* [INFORMATION SUPPLIED]
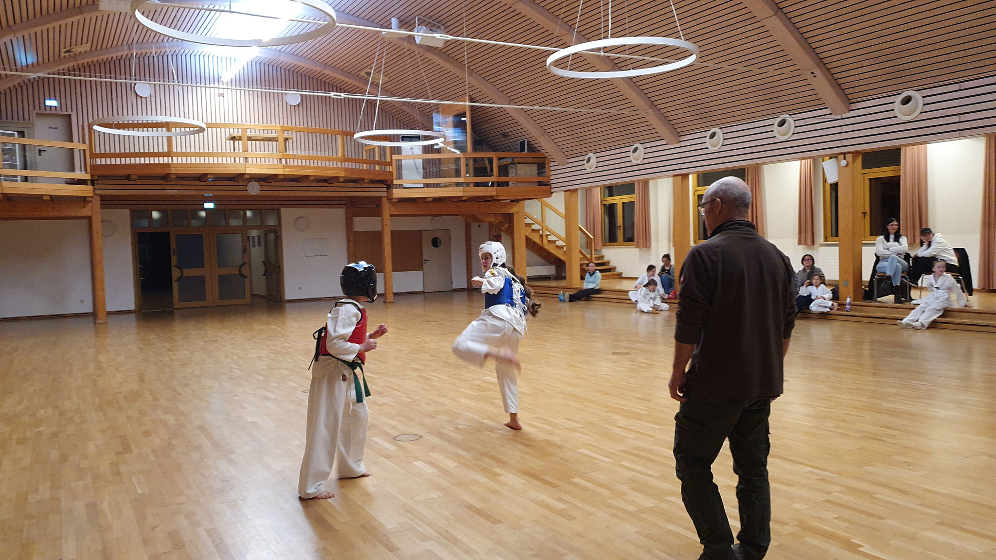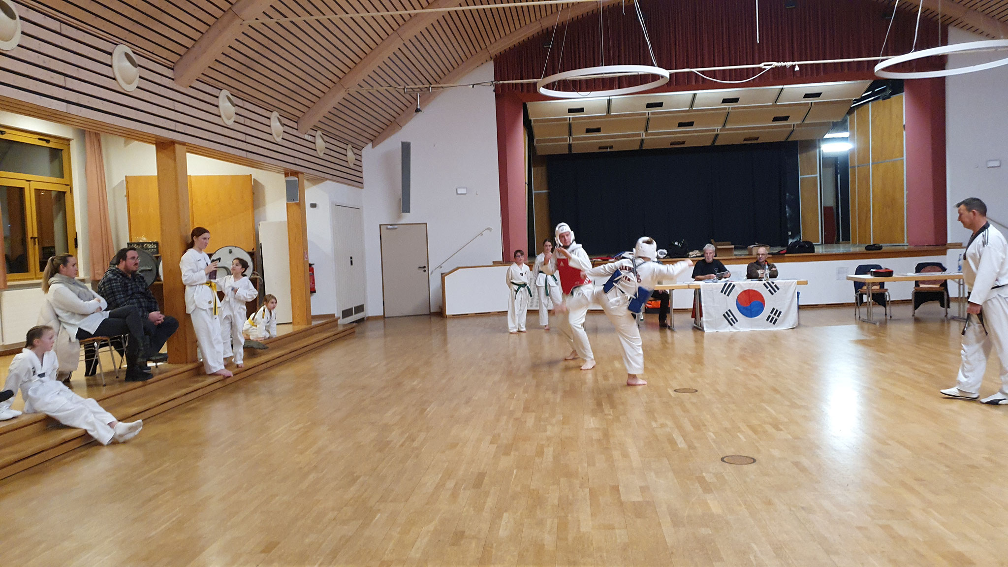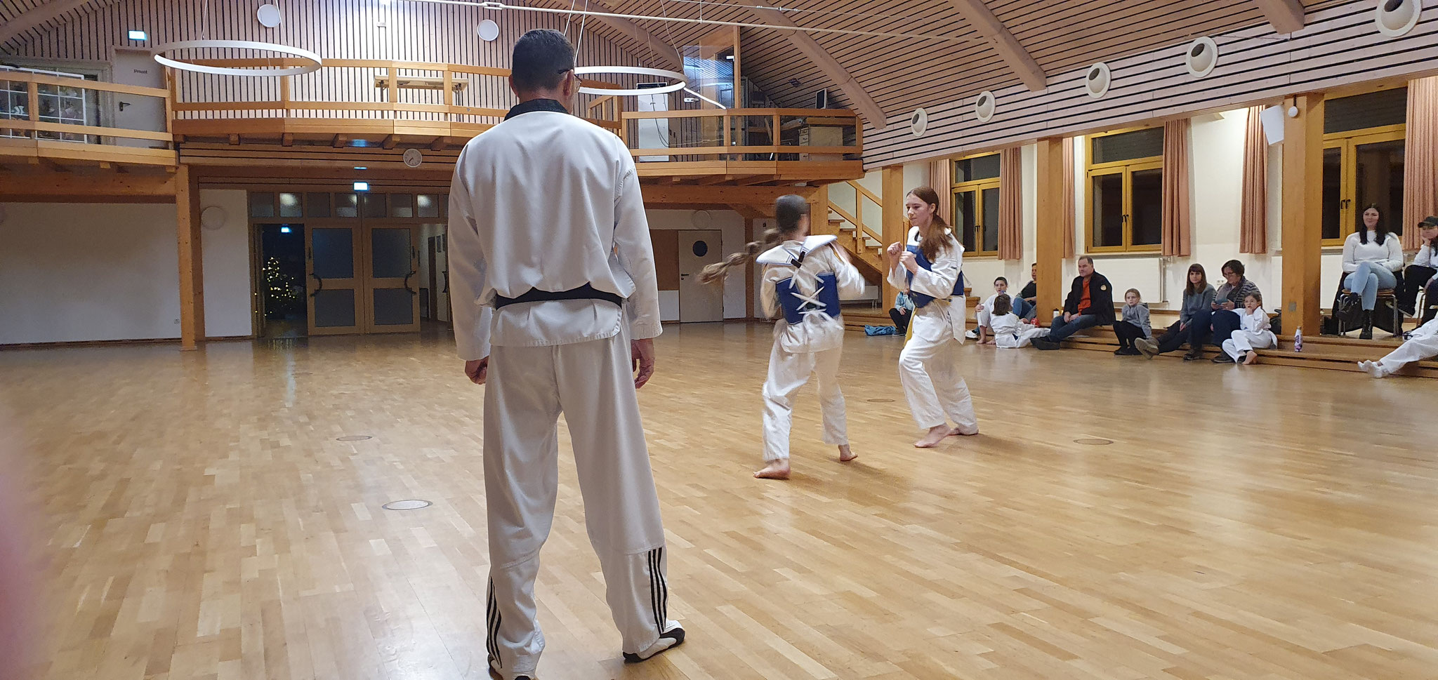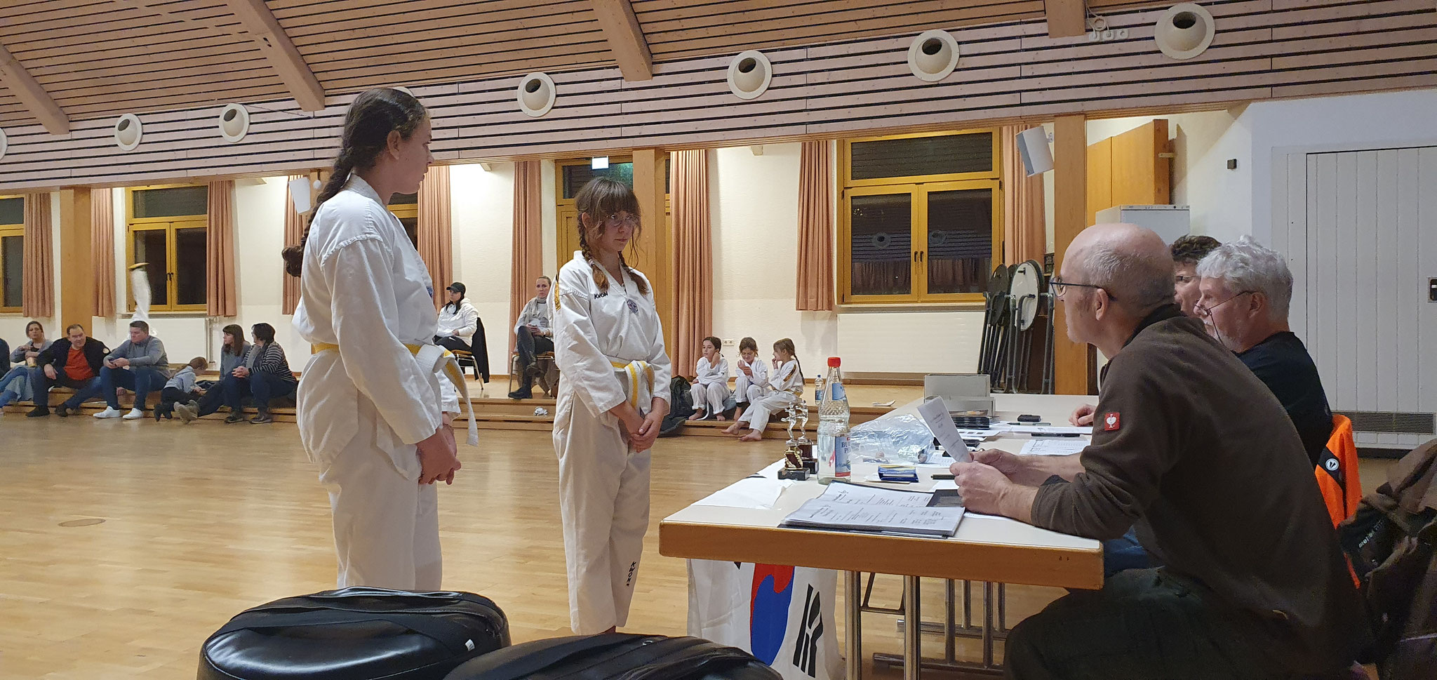 Die Prüflinge zum 9. Kup. durften als erste das Gelernte unter Beweis stellen und sich vor den zufriedenen Eltern präsentieren. Wir freuen uns, dass auch das Interesse bei den Eltern so groß ist und reichlich Zuschauer bei der Prüfung anwesend waren.
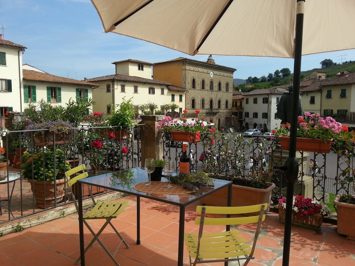 Com vista para a característica e famosa praça de Greve, uma verdadeira porta de entrada para Chianti, o coração e a alma da aldeia medieval de Castello di Montefioralle, pequeno apartamento pitoresco de 3 quartos com um terraço privado mesmo na praça
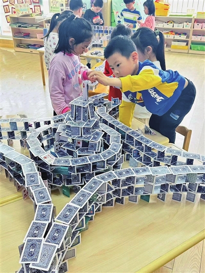 游戏是幼儿最喜欢的活动,青岛市向阳红幼儿园在日常教学活动中组织幼儿开展别具特色的游戏活动,走进小纸牌的搭建奇趣探索之旅。老师们抓住幼儿对扑克牌的好奇心与兴趣点,引导幼儿利用搭建方式发挥小纸牌不一样的游戏功能,鼓励幼儿巧妙地将纸牌进行折叠、延长、对称,利用平铺、垒高、架空、围合等方式搭建,在游戏过程中通过讨论、合作让小纸牌大变身——“站了起来”,幼儿通过一次次摆好“跌倒”的小纸牌,培养坚持不懈精神,锻炼搭建技能和空间感知能力,在积极动脑主动解决问题的过程中,把小纸牌变成了不一样的“天坛”建筑。
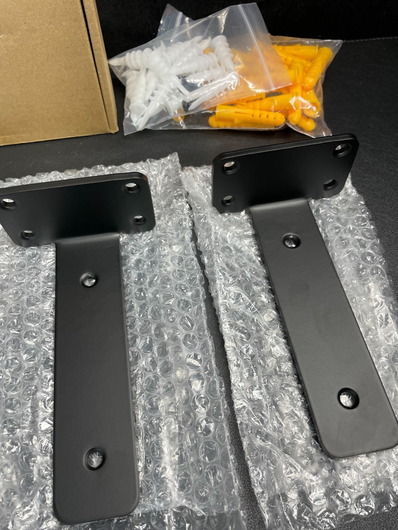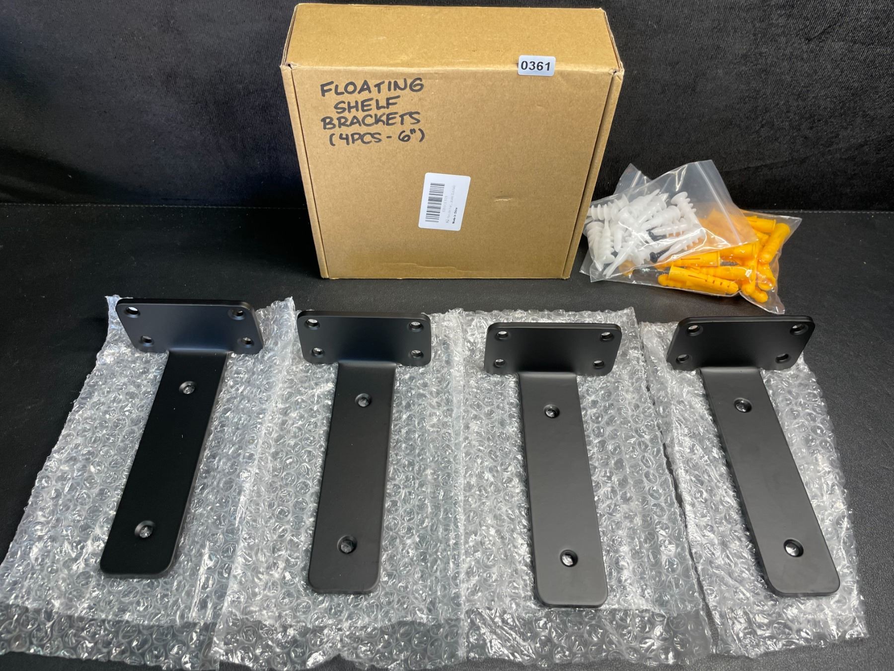 Lot 361 4PCS Heavy-Duty Floating Shelf Brackets; 6" Wall Mounted "L" Shelf Brackets (Black) New in Box

* [WHAT TO PRODUCE] Return the listing above in full and unaltered. Keep the pictures out.

* [TASK SOLUTION]
 Die Prüflinge zum 9. Kup. durften als erste das Gelernte unter Beweis stellen und sich vor den zufriedenen Eltern präsentieren. Wir freuen uns, dass auch das Interesse bei den Eltern so groß ist und reichlich Zuschauer bei der Prüfung anwesend waren.
 Com vista para a característica e famosa praça de Greve, uma verdadeira porta de entrada para Chianti, o coração e a alma da aldeia medieval de Castello di Montefioralle, pequeno apartamento pitoresco de 3 quartos com um terraço privado mesmo na praça
 游戏是幼儿最喜欢的活动,青岛市向阳红幼儿园在日常教学活动中组织幼儿开展别具特色的游戏活动,走进小纸牌的搭建奇趣探索之旅。老师们抓住幼儿对扑克牌的好奇心与兴趣点,引导幼儿利用搭建方式发挥小纸牌不一样的游戏功能,鼓励幼儿巧妙地将纸牌进行折叠、延长、对称,利用平铺、垒高、架空、围合等方式搭建,在游戏过程中通过讨论、合作让小纸牌大变身——“站了起来”,幼儿通过一次次摆好“跌倒”的小纸牌,培养坚持不懈精神,锻炼搭建技能和空间感知能力,在积极动脑主动解决问题的过程中,把小纸牌变成了不一样的“天坛”建筑。
 Lot 361 4PCS Heavy-Duty Floating Shelf Brackets; 6" Wall Mounted "L" Shelf Brackets (Black) New in Box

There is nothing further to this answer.